Mexican student leader pleads for support after new mass grave discovered
This is the second mass grave site that authorities think is linked to the missing students, who disappeared after they were attacked by local police on Sept. 26. Six graves containing a total of 28 bodies were unearthed on Saturday.
The second site — four muddy graves hidden amid the rugged landscape of Guerrero state — were found yesterday after investigators were tipped off by jailhouse confessions by four men arrested for their alleged involvement in the students’ disappearance, according to Attorney General’s Office.
The bodies found in both sites were badly burnt. DNA tests to confirm their identities could take anywhere from two weeks to two months, authorities said. But student leaders say they don’t trust the government and want independent confirmation.
“We don’t trust any organization or institution of the state, since it is the same state that attacked us on Sept. 26,” student leader Angel Nery, of the Ayotzinapa Teachers’ College, told Fusion under the condition that we blur his face and not publish his full name for fear of retaliation. “How do they expect us to trust them when it was them that were directly responsible for the killing of our comrades?”
A clandestine grave is seen in Iguala, Mexico, Monday, Oct. 6, 2014. (AP Photo)
Nery was there on the night of Sept. 26, when a group of college students called “Normalistas,” known for their radical leftist politics, hijacked two buses in the city of Iguala during a protest.

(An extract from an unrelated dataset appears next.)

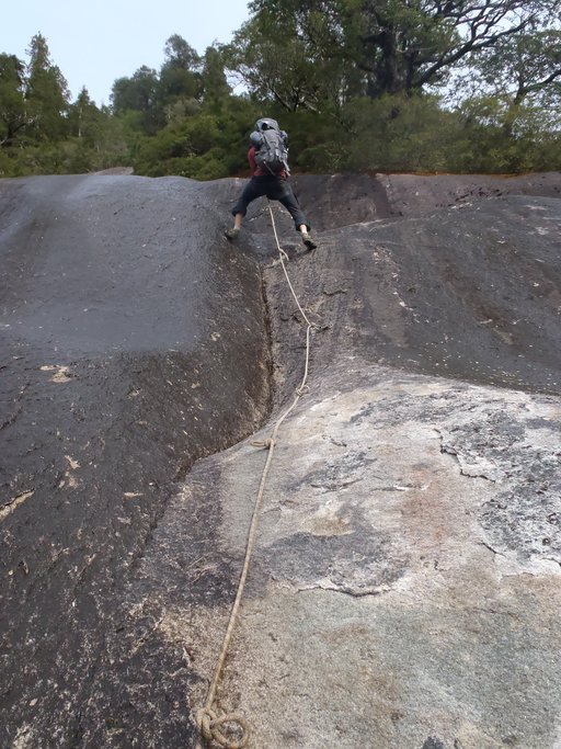 Le premier passage de corde nous fait passer sous un rocher qui ruisselle et détrempe les randonneurs qui ne se pressent pas suffisamment. Les plus rapides ne s’en sortent pas secs pour autant. Viens ensuite un passage où l’on s’étonne que la terre arrive à s’accrocher à la roche et que les arbres arrivent à s’ancrer dans la terre. Mais le tout tiens bon et l’on monte aux racines des arbres comme on prendrait une échelle. Le deuxième passage de corde est au sec cette fois et franchit une belle dalle de granit d’une quarantaine de mètres. Après ce passage, la neige commence à faire son apparition. Par petits tas au début, puis un peu plus jusqu’à la sortie de la forêt où le sol est recouvert entièrement. Nous nous retrouvons donc à marcher sur cette neige encore à peu près dure en direction du sommet que nous n’atteindrons pas par manque d’équipement. Nous profitons des roches non recouvertes pour monter le plus haut possible, puis décidons de franchir un replat mais un bruit suspect dans la neige nous décide définitivement à faire demi-tour.

They were on their way back to campus when local police caught up with them, and started shooting. Four students died in the initial attack; three more people died in two subsequent shootings later that night. Witnesses said some of the missing 43 students were hauled away in police cars. A few, including Nery, managed to escape.
Investigators have since said they believe the local cops then handed over the students to a drug gang, the Guerreros Unidos. Two alleged members of the gang later confessed to killing 17 of the students, and gave federal authorities information that lead to the discovery of the first mass grave last weekend.
Twenty-two police officers in Iguala have been arrested, and 34 people in total. Other suspects, including the mayor, his wife, and the local police chief, are all on the run. The incident has pulled back the curtain on the institutional corruption and systemic violence that the drug war has had on places like Guerrero, where the discovery of mass graves is not entirely uncommon.